I get the argument about LD definitions being problematic.
But, by including HR data, I think Fast may be pulling a fast one.
BABIP (by definition) does not include HRs. The advanced pitcher metrics all include some form of HR rate. So, the advanced metrics (DIPS, FIP, etc.) should all be (to some degree) capturing batted ball speed, since HRs are easily going to be the highest spike on the ball-speed chart.
So, I'm not sure how ground breaking this is. If down the line we remove HR rate and replace it with off-the-bat speed, and the formula becomes more predictive than the current ones, then Fast deserves applause. But, I think part of the original Voros paradigm was that "after excluding HRs", the pitcher doesn't have meaningful control of the outcome. That position clearly supports the notion that pitchers do have control over HRs. Voros was just utilizing HR rate as the proxy for the specific control that pitchers have "that matters".
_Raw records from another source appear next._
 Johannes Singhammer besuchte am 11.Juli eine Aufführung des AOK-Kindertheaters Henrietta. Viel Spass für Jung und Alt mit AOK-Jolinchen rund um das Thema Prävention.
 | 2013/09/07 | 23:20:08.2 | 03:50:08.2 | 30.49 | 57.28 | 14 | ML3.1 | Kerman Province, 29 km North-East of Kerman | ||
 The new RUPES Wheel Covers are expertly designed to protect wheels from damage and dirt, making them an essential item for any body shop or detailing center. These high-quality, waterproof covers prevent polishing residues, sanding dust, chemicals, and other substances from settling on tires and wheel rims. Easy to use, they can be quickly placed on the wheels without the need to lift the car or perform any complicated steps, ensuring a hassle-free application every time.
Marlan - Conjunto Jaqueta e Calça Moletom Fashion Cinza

But, I will say that if this research pans out and additional control over outcome is moved into the pitcher category - it gets there at the expense of defensive ability. If you say pitchers have more control over outcome than is currently accepted - then fielders must have less. And that kind of change would have massive implications on every WAR computation for every fielder in the game.
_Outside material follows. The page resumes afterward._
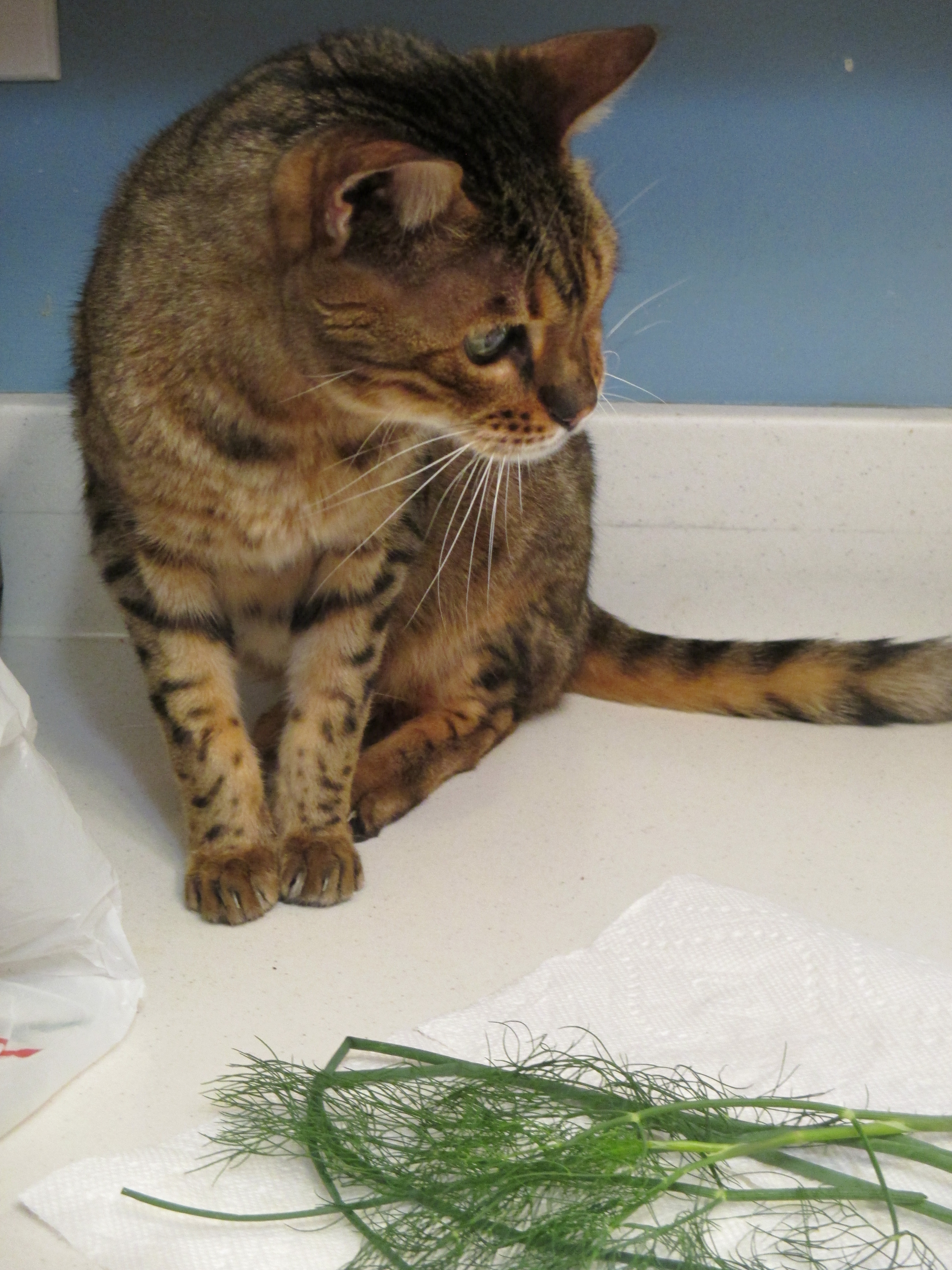 Tiddo the cat was checking out the herbs before I even knew he was in the kitchen with me. He wanted to see if the greens were some of that fresh catnip I nab from neighbors’ front lawns from time to time…

An ESPN heatmap of Michael Pineda's first pitches during April-May, 2011. See Michael Pineda's Pinpoint Accuracy by Lee Singer ....
..........
In a stroke of coincidence rivalling the King Humberto destiny script, CA asked on November 20th whether saberdudes still believed that pitchers do not affect BABIP. Dr. D kind of laughed that a lot of them are softening on it some...
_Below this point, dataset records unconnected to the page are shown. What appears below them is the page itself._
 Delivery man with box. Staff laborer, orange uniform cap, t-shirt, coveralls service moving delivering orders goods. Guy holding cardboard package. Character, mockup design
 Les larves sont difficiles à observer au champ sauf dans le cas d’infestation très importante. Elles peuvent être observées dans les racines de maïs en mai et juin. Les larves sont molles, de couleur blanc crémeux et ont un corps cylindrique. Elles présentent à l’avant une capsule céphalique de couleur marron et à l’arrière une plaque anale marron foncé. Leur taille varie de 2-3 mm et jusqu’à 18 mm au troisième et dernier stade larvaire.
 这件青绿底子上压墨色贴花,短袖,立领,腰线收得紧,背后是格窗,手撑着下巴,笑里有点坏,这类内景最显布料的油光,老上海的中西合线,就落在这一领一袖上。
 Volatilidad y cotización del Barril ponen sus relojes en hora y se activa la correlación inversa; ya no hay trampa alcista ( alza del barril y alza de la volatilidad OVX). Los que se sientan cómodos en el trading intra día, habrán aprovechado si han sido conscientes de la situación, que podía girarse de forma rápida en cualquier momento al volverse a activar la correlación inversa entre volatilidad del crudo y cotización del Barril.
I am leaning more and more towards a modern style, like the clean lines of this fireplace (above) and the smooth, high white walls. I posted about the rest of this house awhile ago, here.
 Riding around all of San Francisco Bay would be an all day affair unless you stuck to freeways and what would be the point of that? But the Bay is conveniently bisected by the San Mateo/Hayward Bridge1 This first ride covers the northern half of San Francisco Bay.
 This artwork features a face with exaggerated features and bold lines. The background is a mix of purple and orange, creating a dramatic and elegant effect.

... and then, on November 22nd, Mike Fast published a BABIP article that may be the most important saber article of the last five years. It seems to be in front of BP's pay wall.
CA: 'net rat, career scout, or time traveller from the 31st century? You be the judge.
.
Q. What did Fast discover?
A. That pitchers indeed have a lot of control over how well the batter hits the ball. We always figured that the pitcher (partially) controls the "launch angle" -- some pitchers get lots of groundballs, and some don't.
Fast proved that pitchers also (partially) control how fast the ball comes off the bat, and this of course has a lot to do with whether the batted ball turns into a safe base hit.
.
Q. How did he discover that?
A. Firstly, in 2009, SportVision started collecting MPH data off hitters' bats. They gave Fast a year's worth of it.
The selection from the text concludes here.